Сероглазый главарь попытался схватить Мерседес и использовать ее как щит, но она, согнув колено, нанесла ему удар в пах, а ногтями вцепилась ему в лицо. Он опрокинулся на пыльную землю, потянув ее за собой.
Николас не решился стрелять, боясь задеть Мерседес. Спрятав револьвер в кобуру, он подскочил, правой рукой схватил за ворот бандита, рывком поставил его на ноги, а левой достал из ножен свой угрожающе блеснувший на солнце кинжал.
Она тоже поднялась на дрожащих ногах, озираясь в поисках какого-нибудь оружия, но супруг крикнул ей, чтобы она немедленно спряталась. Мерседес увидела, как старый Матео, распластавшись в пыли, старается совладать с древним охотничьим карабином. Она тут же оказалась рядом с ним, вырвала оружие из скрюченных артритом, беспомощных пальцев, сжалась в комок и напряглась, выискивая цель, но к этому моменту стрельба уже прекратилась.

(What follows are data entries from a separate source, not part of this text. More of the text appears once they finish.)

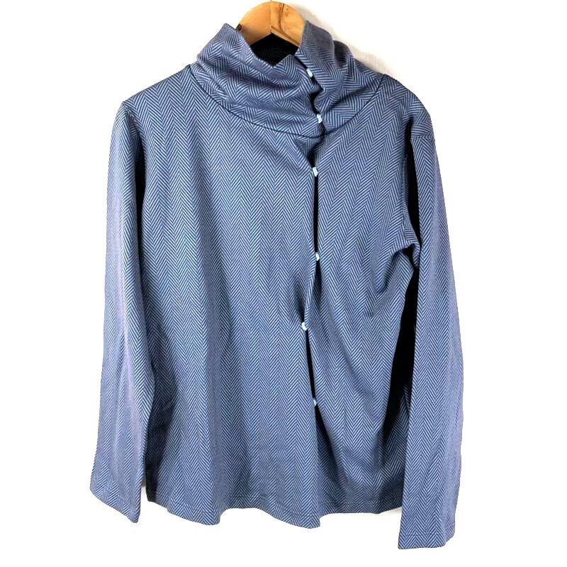 ランバンオンブルー LANVIN en Bleu カットソー ハイネック 長袖 スナップボタン タグ付き 日本製 ブルー系 50サイズ 932669
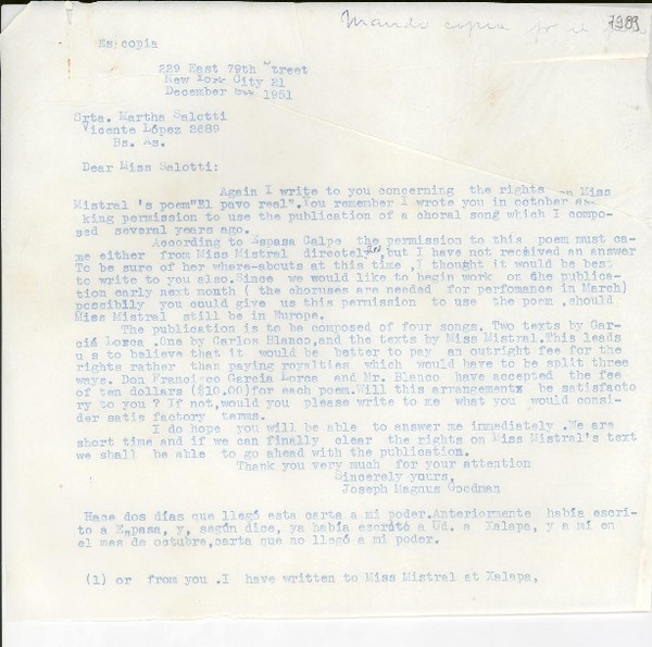 [Carta] 1951 dic. 8, New York [a] Martha Salotti, Buenos Aires [manuscrito] Joseph Magnus Goodman.
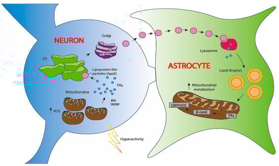 Without functional ApoE, the transfer of lipoprotein-like particles from astrocytes to neurons decreases, causing neutral lipid buildup in astrocytes, while stressed neurons struggle to transport excess toxic lipids to astrocytes during oxidative stress. In both scenarios, glial lipid droplets play a neuroprotective role; their failure to form can lead to increased neurodegeneration [,] (Figure 4B).

Двое из слуг Альварадо были убиты, так же как и все бандиты, кроме их сероглазого главаря, который сцепился в отчаянной схватке с Николасом.
Зловещее острие кинжала Фортунато было уже обагрено кровью его врага. Разбойник тоже смог выхватить кинжал, и оба противника стали описывать круги друг перед другом, словно два волка, делая обманные выпады, резко замахиваясь, направляя колющие удары и отбивая их с хитростью и хладнокровием ветеранов множества подобных поединков.

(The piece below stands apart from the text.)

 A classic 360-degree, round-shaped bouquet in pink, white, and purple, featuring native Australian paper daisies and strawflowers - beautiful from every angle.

Трое уцелевших людей из Гран-Сангре наблюдали за стычкой, сохраняя полную неподвижность. Хиларио спустился по каменистому склону и остановился футах в двадцати с ружьем наготове. Он мог бы попробовать выстрелом уложить бандита, но противники так стремительно перемещались, что его пуля могла стать смертельной для молодого хозяина поместья.
Мерседес, словно завороженная, смотрела на разыгрывающийся у нее на глазах жестокий поединок. Она и вообразить себе не могла, что в ее супруге столько звериной свирепости, беспощадности, умения обращаться с оружием. Он покинул ее четыре года назад и был тогда обычным молодым аристократом – испорченным и самоуверенным. Лусеро был способен на жестокий поступок, был избалован и развратен, как большинство богатых гасиендадо. Тем более что ему все прощалось как единственному сыну. Но то, как он вел себя сейчас, не походило на прежнего Лусеро.
Этот Лусеро был убийцей со стальными нервами, крепкими мускулами и язвительной улыбочкой на устах.
– Для гринго ты совсем неплохо владеешь ножом, – сказал Фортунато, когда вражеское лезвие лишь на долю дюйма проскользнуло мимо его горла.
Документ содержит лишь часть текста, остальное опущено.